Experts say the change, if implemented, will iron out a long-standing anomaly in the regulator’s pension transfer rules and allow more people to access advice.
But will savers be exposed to greater risks as a result? And are advisers willing to accept the compliance burden associated with this notoriously complex area of the market?
Emails seen by Money Marketing show Standard Life has recently told advisers transfers from an occupational DC scheme “for the purposes of immediately entering drawdown” require the adviser to have the FCA’s pension transfer and opt-out permissions.
It says: “The FCA have indicated that they do consider transfers of occupational pension schemes for the purposes of immediately entering drawdown as pension transfers. Based on their interpretation, any such transfers would require the “advising on pension transfers and opt-outs” permission.
“The FCA have indicated to us that they will communicate to the industry on this point although we remain unclear as to when any new guidance will be published.”
A spokeswoman says: “We are not able to comment on a specific exchange with an adviser but this is an area where we seek clarity.”
It is understood the FCA is considering a move that could see it clarify advisers do not require transfer and opt-out permissions for occupational DC to drawdown transfers.

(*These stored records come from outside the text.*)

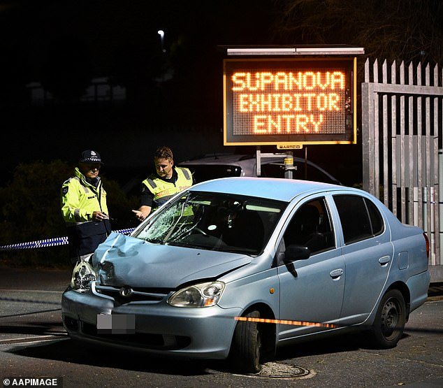 Awer Dau está acusado de conducir un Toyota (arriba) en un trío de hombres afuera del evento Supanova Comic Con and Gaming en el Melbourne Showgrounds el sábado.
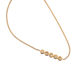 La pulsera es de oro amarillo de 9 quilates y presenta cinco diamantes. Cada uno está colocado en un tubo que pesa en total 0,10 quilates.
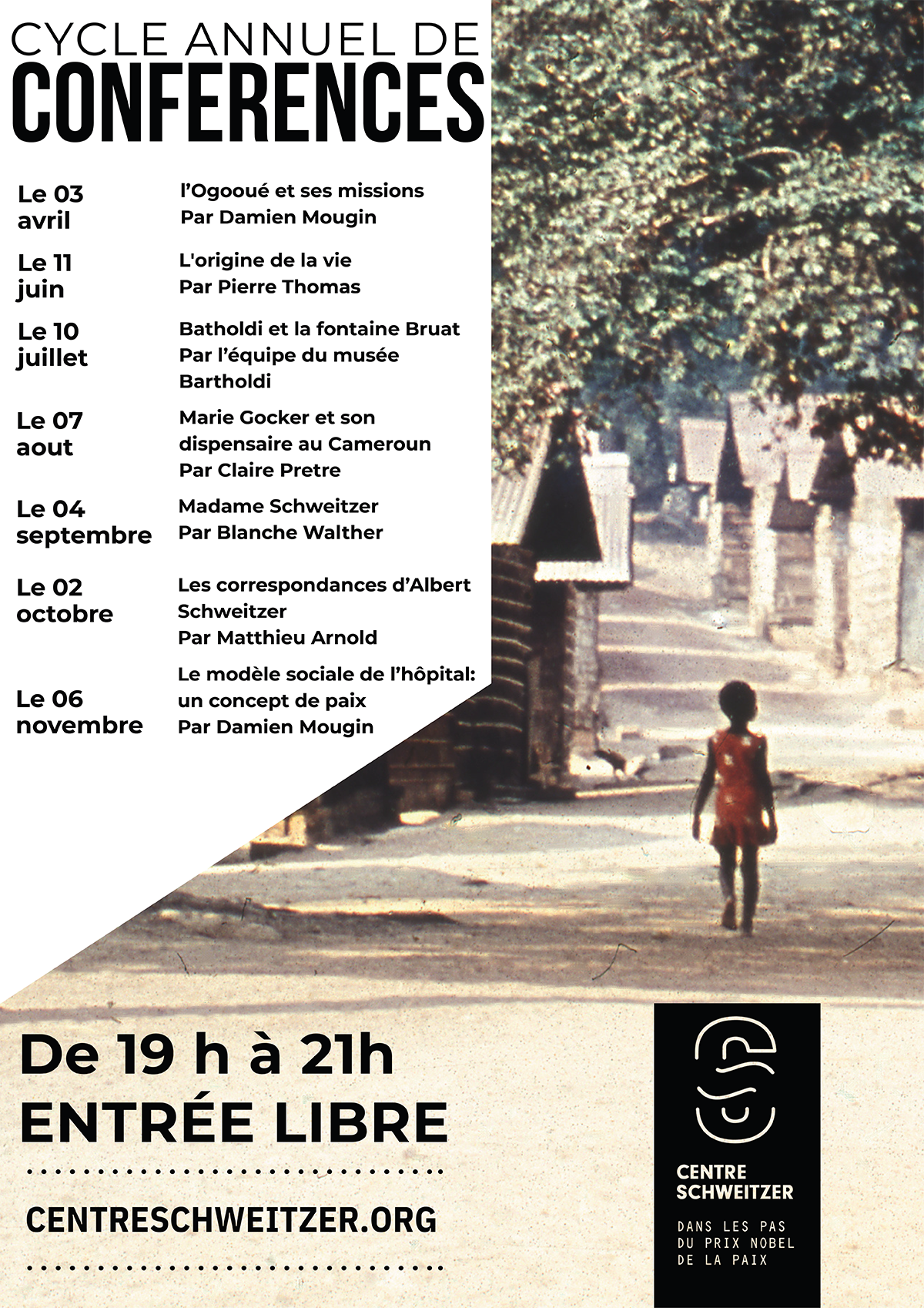 Le premier vendredi du mois à 19h, un conférencier aborde la vie et le parcours d'Albert Schweitzer ou une thématique liée à son œuvre sous un angle inédit.

Money Marketing understands the FCA is considering amending existing rules. No changes have yet occurred, however, and sources say the ongoing review may or may not result in an industry update.
Interpretations of the current rules governing DC to drawdown transfers are understood to have differed across the industry, with some firms viewing such transfers as permissible without transfer and opt-out permissions.

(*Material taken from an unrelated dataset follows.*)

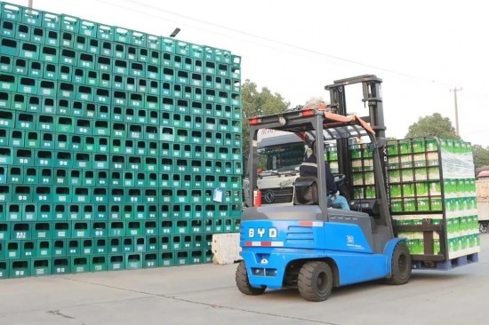 新能源叉車配置的磷酸鐵鋰電池,具有安全、環(huán)保的特性,且零排放、無污染,在保障生產(chǎn)環(huán)境安全作業(yè)的同時,為廠區(qū)原材料食品安全筑起防護墻,嚴(yán)格杜絕了原材料在搬運過程中遭受二次污染的可能。同時比亞迪鋰電池叉車性能可靠、動力強勁、隨充隨用、壽命長,可充分滿足啤酒企業(yè)高負(fù)荷運轉(zhuǎn)需求。

Compliance firms and providers have made enquiries to clarify the situation with the FCA.
A spokeswoman for the FCA declined to comment in detail other than to say the regulator was “aware of the issue” and confirm that no rule changes had yet been enacted.
Experts say the new pension freedoms introduced in the Budget may not be accessible for many if the advice hurdle is too high.
Last month, experts raised concerns mandating advice for DB to DC transfers may mean consumers with smaller pension pots that want to quit their DB scheme may find they struggle to pay for advice.
Now providers say requiring pension transfer and opt-out permissions of advisers working on occupational DC transfers also risks pricing consumers out of the new pension freedoms.
Standard Life head of workplace strategy Jamie Jenkins says: “We support the need for regulated advice for DB to DC transfers. The two are very different and most members, but not all, will be best off sticking with DB. People need protection against transferring for the wrong reasons in these circumstances. But at retirement DC-to-DC transfers, to immediately go into drawdown, are different.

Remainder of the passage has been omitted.